Whether she’s taller for not than her listed height of 5-foot-6, the Abbotsford Panthers’ all-everything guard has proven to be the most unstoppable version of herself yet over a Grade 12 campaign in which she has both embraced the acts of high-volume scoring and veteran mentorship en route to leading her team into tomorrow’s B.C. Triple-A championship tournament with a No. 1 seed.
Abbotsford, No,. 1-ranked in the final Triple-A poll of the season, gets things going bright and early Wednesday when it hosts the No. 16-seeded Magee Lions of Vancouver in an 8:45 a.m. tilt at the LEC’s Centre Court complex. Underdog Magee is making its first B.C. tourney appearance in over 20 years.
Watch her and it’s easy to see that there is an old-school edge to her basketball persona, one defined by the game’s team aspects and undoubtedly influenced by her head coach and dad Prentice Lenz, who wrapped up his own high school playing career some 31 years ago at neighbouring MEI.
“I haven’t seen that number before,” Marin Lenz exclaims when asked about her 32 points-per-game scoring average, delivering that response in a manner which seems to indicate that such gaudy numbers are just better left unspoken.
“When I step on the court all I am thinking of is bringing energy and working hard,” continues Lenz, who also averages nine rebounds, eight assists and five steals per game. “When I do that, the rest of it kind of just comes.”
That’s the essence of her offensive game.
It’s borne out of the wellspring of her inner competitive will, and thus the brushstrokes which full her offensive canvas are anything but paint-by-numbers.
Instead, it’s simply an organic response as opposition defences tip their figurative cap and throw all manner of junk in her path.
In fact, quite comically, if you step into a Panthers’ practice, the best moments happen when one half of the Abby squad goes all rogue on Lenz, doing everything in their power to halt her powers of improvisatory creativity.
“We actually practice that stuff, double-teamming her and making her come up with different ways to score,” says Panthers’ veteran lead assistant coach Elmore Abraham.
“We put the box-and-one her, we triangle-and-two her, and we just try to see if we can catch her, but that is when she is able to improvise within the game.”
Reegan Ashton with additional help from Chelsea Dulku, and Marin’s younger sister, star Grade 9 Malia Lenz, comprise the usual trio of defensive stoppers assigned to disrupt her.
“There is so much competitiveness there, sometimes they do stop her,” Abraham continues. “But it gets heated, and there’s arguments and sometimes we have to come in and cool it down.”
More vocal and demonstrative on the court than her older sister Siena, currently a starting sophomore at NCAA Div. 2 West Texas A&M, she is nonetheless cut from the same competitive stone.
She can loop and scoop the ball through the basket in tight spaces in the half court, and she is able to knock down all manner of jump shots as well.

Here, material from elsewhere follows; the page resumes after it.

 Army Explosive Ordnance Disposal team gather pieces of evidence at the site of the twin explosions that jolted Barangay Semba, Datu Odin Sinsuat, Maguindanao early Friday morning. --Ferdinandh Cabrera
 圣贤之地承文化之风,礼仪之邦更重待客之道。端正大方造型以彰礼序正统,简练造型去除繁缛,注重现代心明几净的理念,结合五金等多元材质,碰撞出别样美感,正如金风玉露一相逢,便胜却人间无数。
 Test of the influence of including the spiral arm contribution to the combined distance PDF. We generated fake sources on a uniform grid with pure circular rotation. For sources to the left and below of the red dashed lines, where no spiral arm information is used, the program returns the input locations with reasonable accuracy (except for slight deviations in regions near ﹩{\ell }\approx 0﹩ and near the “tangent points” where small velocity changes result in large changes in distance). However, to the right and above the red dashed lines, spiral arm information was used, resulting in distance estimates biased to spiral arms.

Yet ask Abraham about the most defined tool in her cache of many, and it’s the most basic one there is.
“Her speed is so elusive,” the coach says. “When she has the ball in her hand, no one can guard her. Her feet are so fast that she flies right by you with that first step. She doesn’t miss shots, but it’s that speed that puts her above the rest.”
And it’s that speed which makes her an equally dangerous defensive player.

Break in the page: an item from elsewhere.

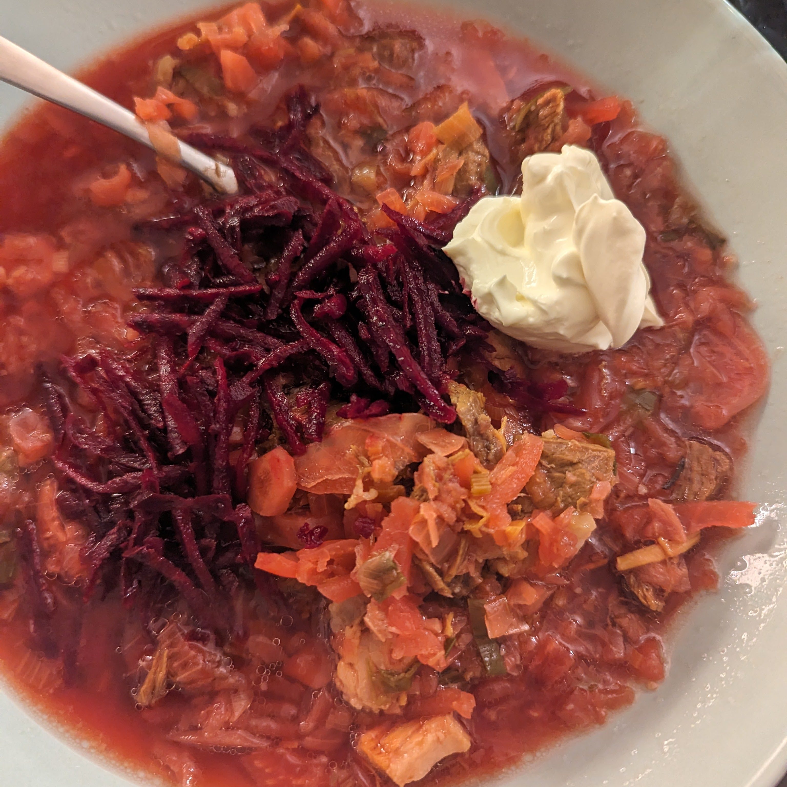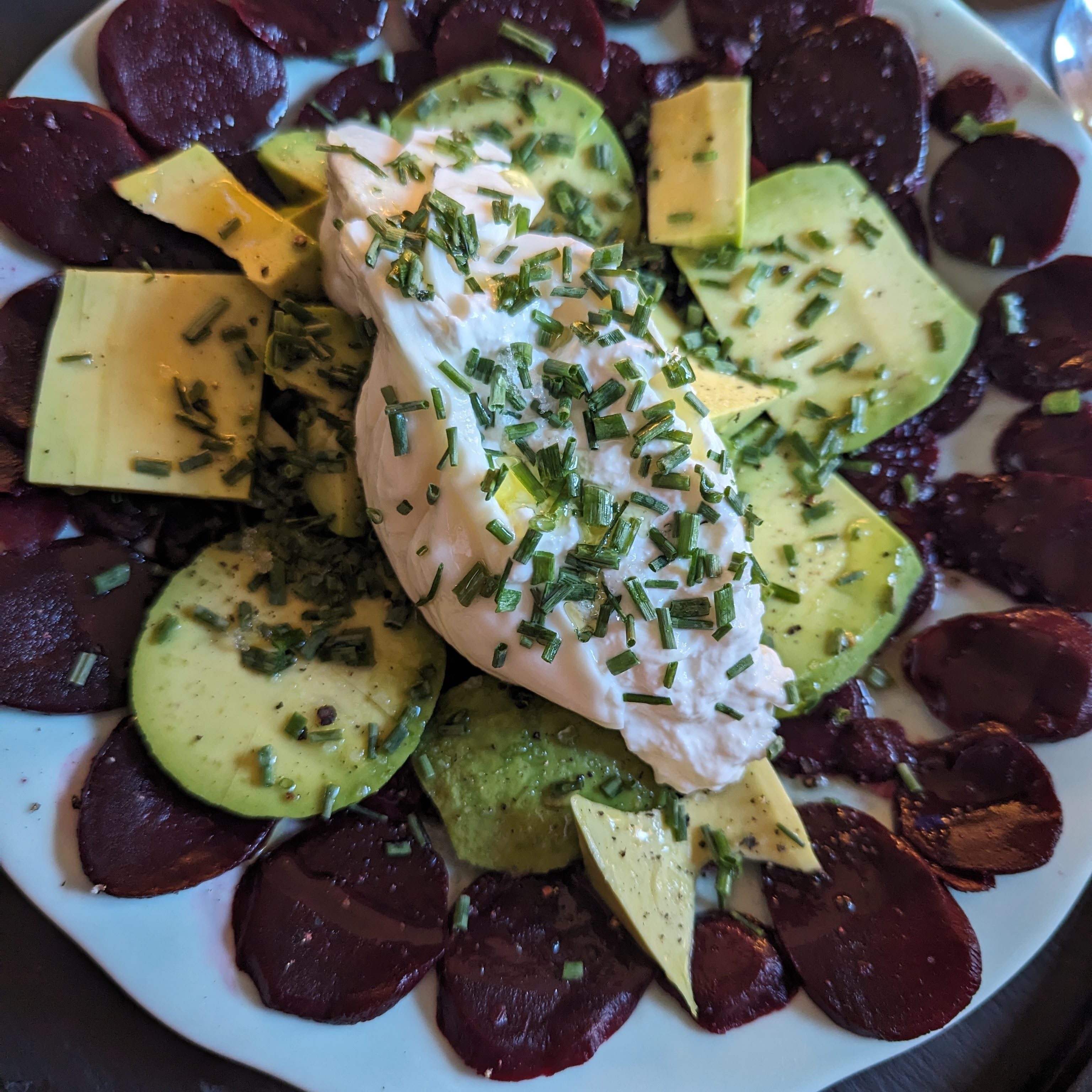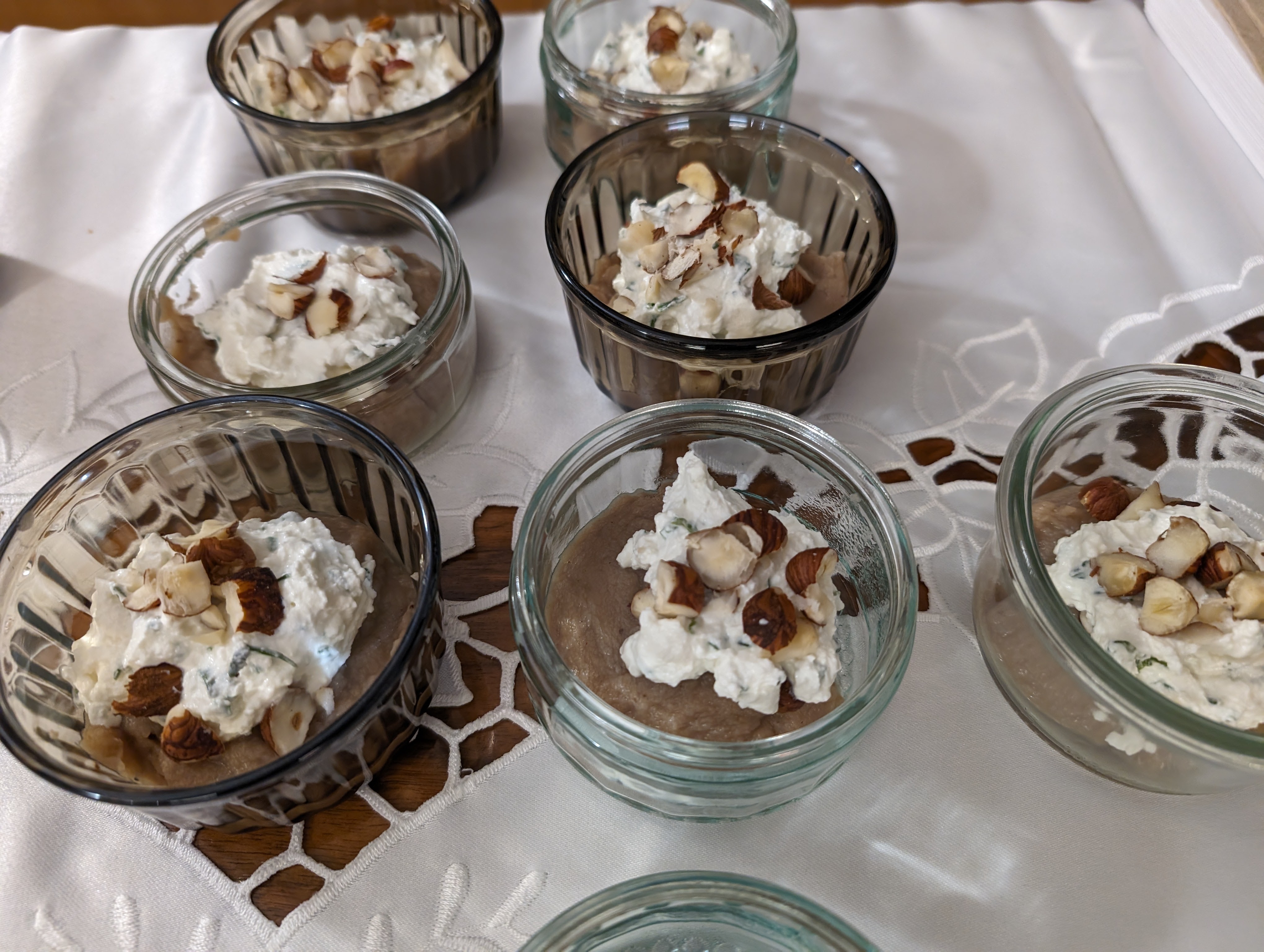 Jeudi soir, nous étions six à table. En entrée, j’ai servi des verrines de betterave et de chèvre frais (inspirées de cette recette). J’ai fait un plat principal coréen : du porc épicé au kimchi (Jaeyook kimchi bokum), servi avec du kimchi de chou et du kimchi de feuilles de moutarde (tous deux faits maison) et du riz. Nos invités ont apporté le dessert. Pas de photos : comme d’habitude, quand j’ai des invités, je m’occupe de les nourrir et j’oublie complètement de prendre les photos !

“The thing that she does which no one really talks about is the way she steals the ball,” Abraham says of Lenz’s uncanny anticipation to disrupt an opposition ball-handler’s dribbling rhythm and then use that speed to turn a theft into an easy fast-break bucket.

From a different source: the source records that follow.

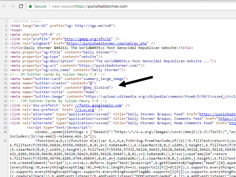 When you add the Twitter Card script to your blog there’s a few places to enter your twitter account name as content tweeter, owner of the blog or writer of the post. In the case of Punished Stormer, they’re using Amy Siskind’s twitter account. Stormer is suspended from Twitter but had to use somebody’s name in the code
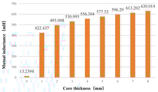 As shown in Figure 12, the larger the core thickness value, the greater the positive mutual inductance. The mutual inductance coefficient obtained by the coreless simulation is 13.2394 MH, and when the iron core thickness is 8 mm, the mutual inductance coefficient reaches 630.014 MH. It is concluded that the iron core in the coil is an indispensable part. Its existence is beneficial to the anti-offset performance of the coil, but the thickness of the iron core has little effect on the performance, and thereby the thickness of the coil can be flexibly adjusted according to the actual situation.
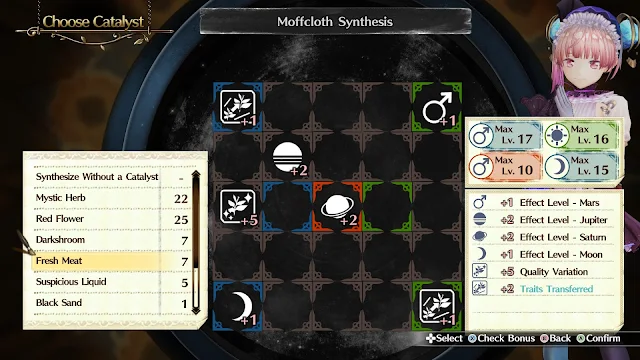 Em termos dos sistemas principais do jogo, a alquimia é bem similar à de Sophie. Ainda é necessário realizar o encaixe de itens, mas quanto mais o jogador produz um determinado item, maior é o nível de proficiência nele, abrindo a possibilidade de girar os materiais na hora de produzi-lo. No lugar de caldeirões, o jogador pode utilizar alguns itens como catalisadores para mudar a disposição dos bônus no tabuleiro, que são fixos em vez de baseados no posicionamento consecutivo de materiais.
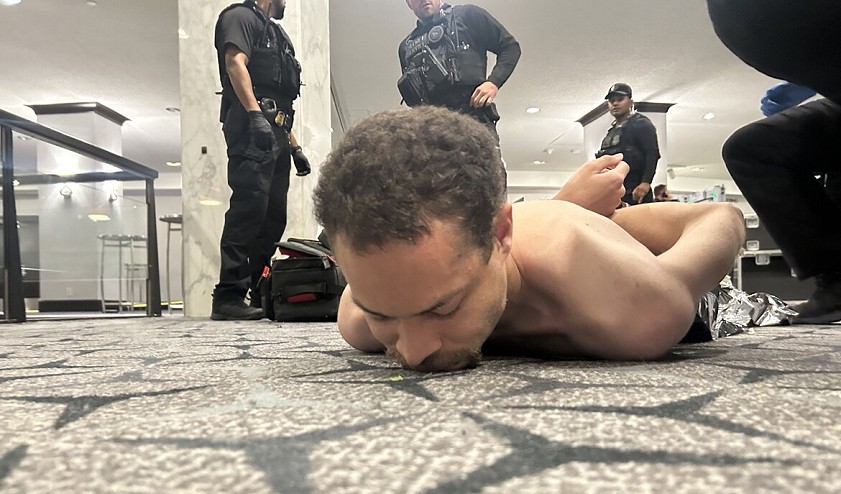 وأظهر مقطع مصوّر نشره ترامب لاحقًا على حساباته، شخصًا يندفع بسرعة داخل أحد ممرات الفندق متجاوزًا عناصر من جهاز الخدمة السرية، قبل أن يتمكنوا من السيطرة عليه واعتقاله، في واقعة أُصيب خلالها أحد العناصر برصاصة في صدره. كما نشر ترامب صورة قال إنها للمشتبه به، بدا فيها عاري الصدر، ممددًا على الأرض ومكبّل اليدين بالأصفاد.

“She always covers the other team’s top point guard, and she steals it left and right, Id’ say about six times a game.”
All of that puts Marin Lenz, who still hasn’t decided where she will begin her university career next season, in a pretty special place.
But again, she never gets to a place where she becomes full of herself, so any questions about her talent are ultimately deflected to reflect how it can help impact her teammates.
“This year I feel more of a leader so I want to make sure my team keeps working hard,” says Lenz, who has played on the senior varsity her entire high school career. “I want to make sure we have energy in practice and games, but we’re also so competitive that I also want to make sure that we have lots of fun.”
Put it all together, and Abraham, who has coached both football and basketball for decades, admits the 2019-20 Player of the Year sits in some pretty rare company.
“Don’t forget I coached Chase,” he reminds of Notre Dame’s NFL-bound receiver Chase Claypool, who was also an incredible basketball player.
“But if you say inch-for-inch” he prefaces with a pause. “Inch-for-inch I would say she is best player I have coached. It’s not all about offence. I am a defensive coach. I love defence. And she is the best defensive player I have ever coached.”